What the task asks: Copy the records that follow exactly as written, but not their pictures.

Items from a data source:
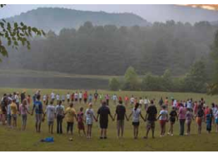
Buc Sapphire, North Carolina
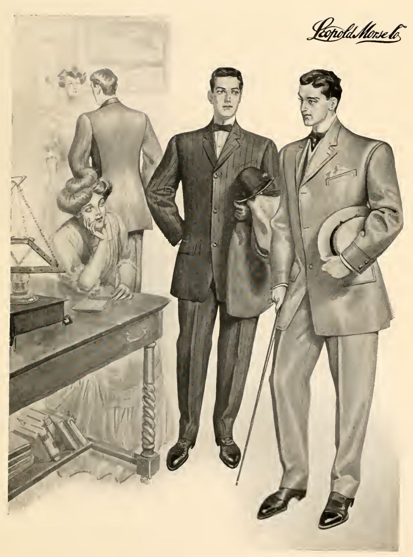
THE "REGENT" AND THE "WINSTON"
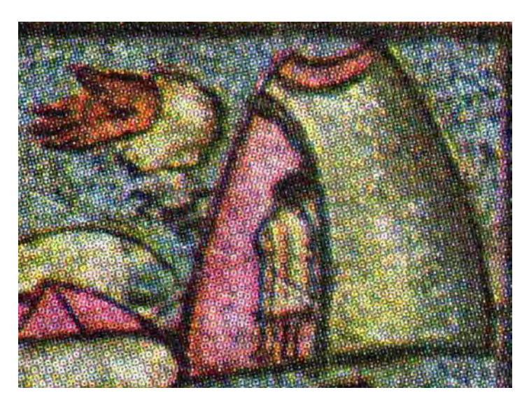
Figure 12. Detail above the Torah shrine of the Dura Europos synagogue. 201

Moses 1:25–31 describes Moses's revelation of God as a progressive phenomenon, beginning with "a voice" and ending with a "face to face" encounter. Notably, the same sequence of divine disclosure is present in the story of the brother of Jared's intimate encounter with the Lord "at the veil." In that account, the prayer of the brother of Jared is answered first with a divine voice (see Ether 2:22–25), then with the sight of the finger of the Lord (see Ether 3:6–10), and finally with a view of the "body of [His] spirit" (see Ether 3:13–20).
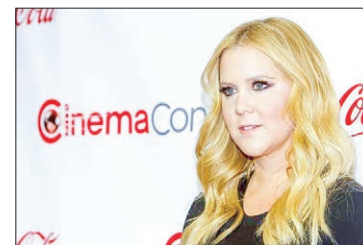
Actress Amy Schumer. PHOTO: REUTERS

In the photo, Beyoncé wore a white outfit which emphasized her baby bump, completed with sunglasses.—PTI
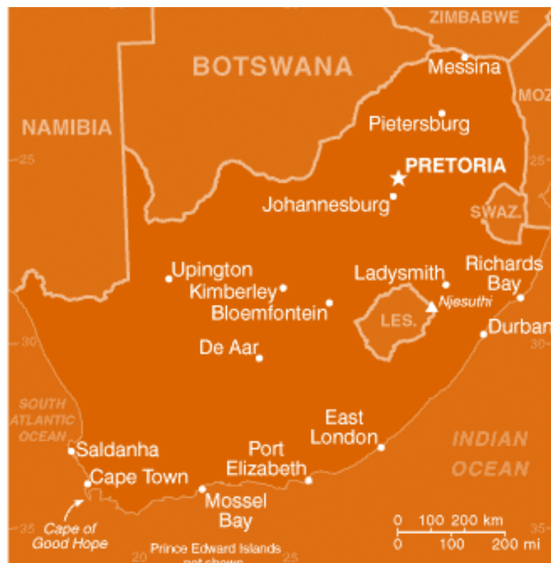
Fig 1: Map of South Africa .

The map below shows the position of Durban (EThekweni) in Southern Africa.
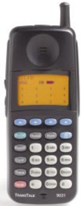
TransTalk Pocket Phone 9031 handset.

By taking advantage of a new standard of digital transmission and utilizing spread-spectrum frequency hopping, the Lucent Technologies TransTalk Wireless System provides security and reliability on every call.
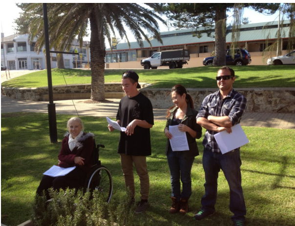
Students at Cottesloe

Answer to the problem:
Buc Sapphire, North Carolina
THE "REGENT" AND THE "WINSTON"
Figure 12. Detail above the Torah shrine of the Dura Europos synagogue. 201

Moses 1:25–31 describes Moses's revelation of God as a progressive phenomenon, beginning with "a voice" and ending with a "face to face" encounter. Notably, the same sequence of divine disclosure is present in the story of the brother of Jared's intimate encounter with the Lord "at the veil." In that account, the prayer of the brother of Jared is answered first with a divine voice (see Ether 2:22–25), then with the sight of the finger of the Lord (see Ether 3:6–10), and finally with a view of the "body of [His] spirit" (see Ether 3:13–20).
Actress Amy Schumer. PHOTO: REUTERS

In the photo, Beyoncé wore a white outfit which emphasized her baby bump, completed with sunglasses.—PTI
Fig 1: Map of South Africa .

The map below shows the position of Durban (EThekweni) in Southern Africa.
TransTalk Pocket Phone 9031 handset.

By taking advantage of a new standard of digital transmission and utilizing spread-spectrum frequency hopping, the Lucent Technologies TransTalk Wireless System provides security and reliability on every call.
Students at Cottesloe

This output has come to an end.